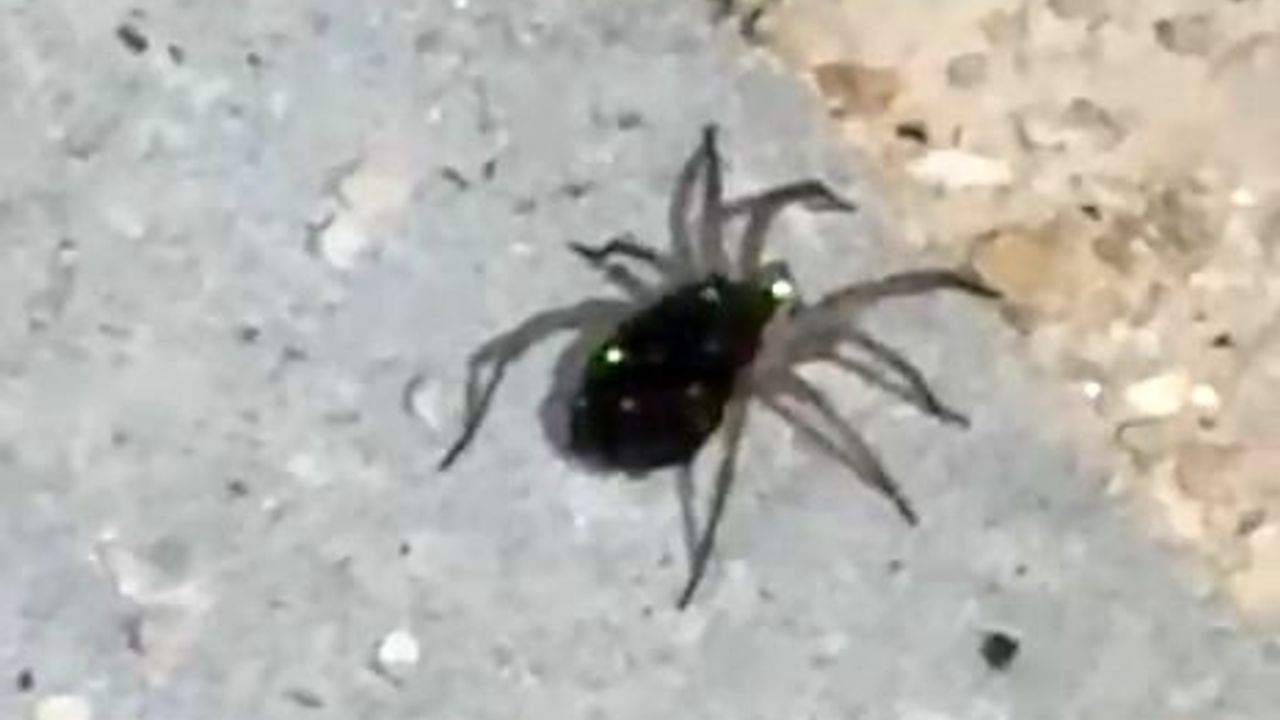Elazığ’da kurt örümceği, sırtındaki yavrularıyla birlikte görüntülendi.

---

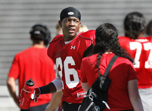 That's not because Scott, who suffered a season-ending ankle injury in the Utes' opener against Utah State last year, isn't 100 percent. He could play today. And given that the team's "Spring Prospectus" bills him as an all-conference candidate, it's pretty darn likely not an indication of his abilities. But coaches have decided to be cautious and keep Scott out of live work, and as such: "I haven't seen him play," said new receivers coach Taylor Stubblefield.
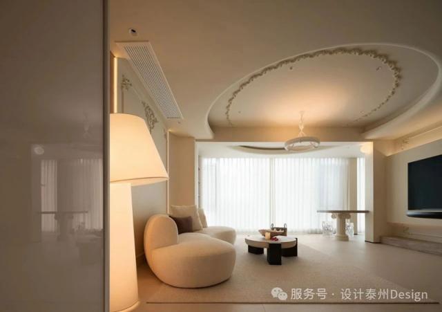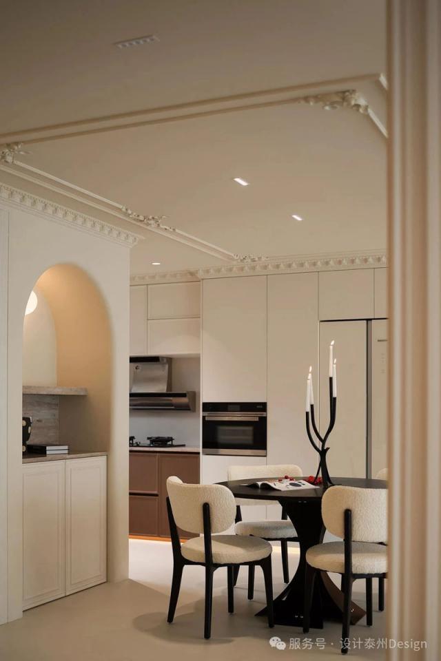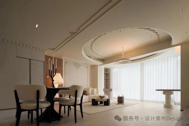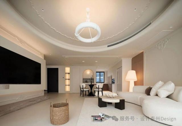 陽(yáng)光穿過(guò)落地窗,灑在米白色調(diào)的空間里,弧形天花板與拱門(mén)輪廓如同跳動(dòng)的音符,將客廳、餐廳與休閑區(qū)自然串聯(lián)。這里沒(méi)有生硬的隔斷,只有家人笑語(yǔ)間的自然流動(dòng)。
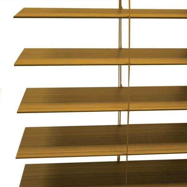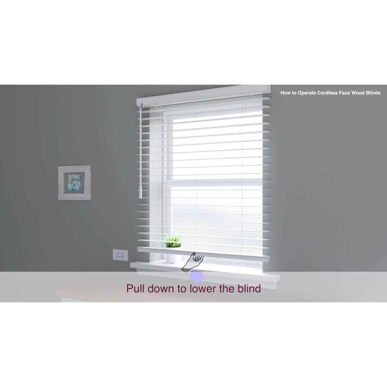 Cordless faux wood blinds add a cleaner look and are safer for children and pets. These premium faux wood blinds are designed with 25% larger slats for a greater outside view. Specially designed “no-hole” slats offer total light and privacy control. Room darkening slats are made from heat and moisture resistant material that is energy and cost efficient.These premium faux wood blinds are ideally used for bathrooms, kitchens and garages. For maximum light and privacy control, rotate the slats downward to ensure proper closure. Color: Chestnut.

---

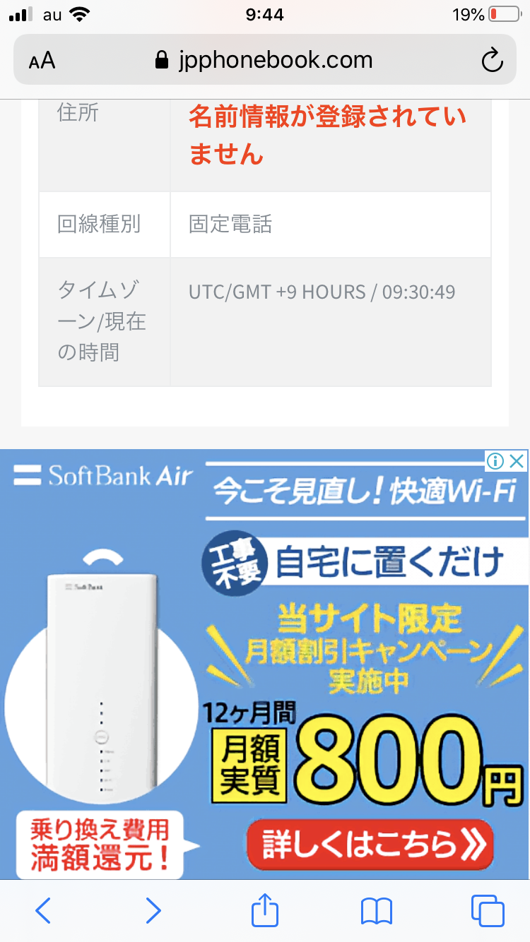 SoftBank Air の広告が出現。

---

Only one part of the material above is wanted: the lines from the one with "That's not because" up to and including the one with "陽(yáng)光穿過(guò". Please copy them exactly, pictures left out.

 That's not because Scott, who suffered a season-ending ankle injury in the Utes' opener against Utah State last year, isn't 100 percent. He could play today. And given that the team's "Spring Prospectus" bills him as an all-conference candidate, it's pretty darn likely not an indication of his abilities. But coaches have decided to be cautious and keep Scott out of live work, and as such: "I haven't seen him play," said new receivers coach Taylor Stubblefield.
 陽(yáng)光穿過(guò)落地窗,灑在米白色調(diào)的空間里,弧形天花板與拱門(mén)輪廓如同跳動(dòng)的音符,將客廳、餐廳與休閑區(qū)自然串聯(lián)。這里沒(méi)有生硬的隔斷,只有家人笑語(yǔ)間的自然流動(dòng)。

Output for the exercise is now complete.